While the capability of technology may be increasing, it is still important that HR understands what it does and how best to leverage these tools. “For hiring the best candidate, HR teams should work backwards and be clear on the specific skillset for the role they’re hiring for,” advises Olive Turon, head of people at TestGorilla. “Then, identify current processes that fall short, and the pitfalls that contributed to previous mis-hires.”
Turon says recruiters should focus on whether the tool they’re considering goes beyond traditional hiring methods and adds real value. If the solution simply automates CV screening for example, it’s not enough as CVs alone don’t provide the full picture of a candidate. While the process may seem quick and pain free, it will still miss success criteria.
Teams should look for the tools that assess broader human traits, such as cognitive abilities, behaviours, and personality to give a more holistic view of candidates. A better alternative is multi-measure assessment tools, covering cognitive skills, behaviours, and personality traits, giving a fuller, more truthful picture of a candidate. — Olive Turon, head of people, TestGorilla
Turon reports that behavioural assessment is quickly becoming the cornerstone of modern recruitment. “Behaviour assessments enable employers to evaluate how people approach work,” she explains, “not just what they’ve done. Tools like situational judgement tests and validated psychometric assessments bring structure to evaluating human skills, turning instinctive hiring into evidence-led decisions. That shift is critical, especially when nearly 40% of current skills are expected to be obsolete by 2030.”
According to Suzie Berry, group director of talent at data visualisation business Flourish, the future is here and it’s about using intuition and smart, scalable tools together to make faster, fairer, and more effective hiring decisions.
“Technology can support recruiters by helping identify the best-fit candidates through data-driven insights, but it’s vital that we don’t remove the human element of recruitment,” says Berry. “When working to find talent for an organisation, it’s not a binary number into a binary role, a whole variety of elements need to be considered, and teams should use emotional intelligence to align clients and candidates effectively.
A study from HireVue finds that 72% of TA leaders leverage skills assessments to evaluate candidate qualifications.

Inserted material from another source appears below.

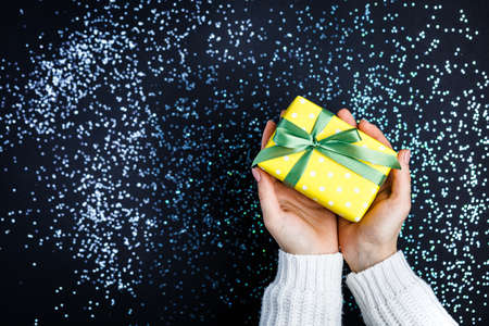Unrecognizable Woman in sweeater holding in hand present, gift box on yellow background. Close-up photo, Gift Concept.

For Adrian Langton, chief people officer at consultancy BML, the key is to use technology at the start of a recruitment process, rather than for the entire exercise. “Technology tends to have a role at the very top of the applicant funnel, where the most potential people for a role are found,” he says. “Improvements in technology, including AI, are welcome, because the old filters based on keywords were at best, blunt tools that ruled out a lot of very promising candidates and turned the applications, that passed through those filters, into carbon copies of each other.”
Langton is adamant that the ability to understand how an applicant would fit into an existing team and how they can contribute to the vision of the business remains a human trait. Casting this process aside in the name of technology fails to recognise its worth. “The insight borne of experience is vital, especially when recruiting senior figures,” he says. “Calling it just ‘gut feeling’ risks minimising what is actually one of the most insightful tools a recruiter or business leader might have.”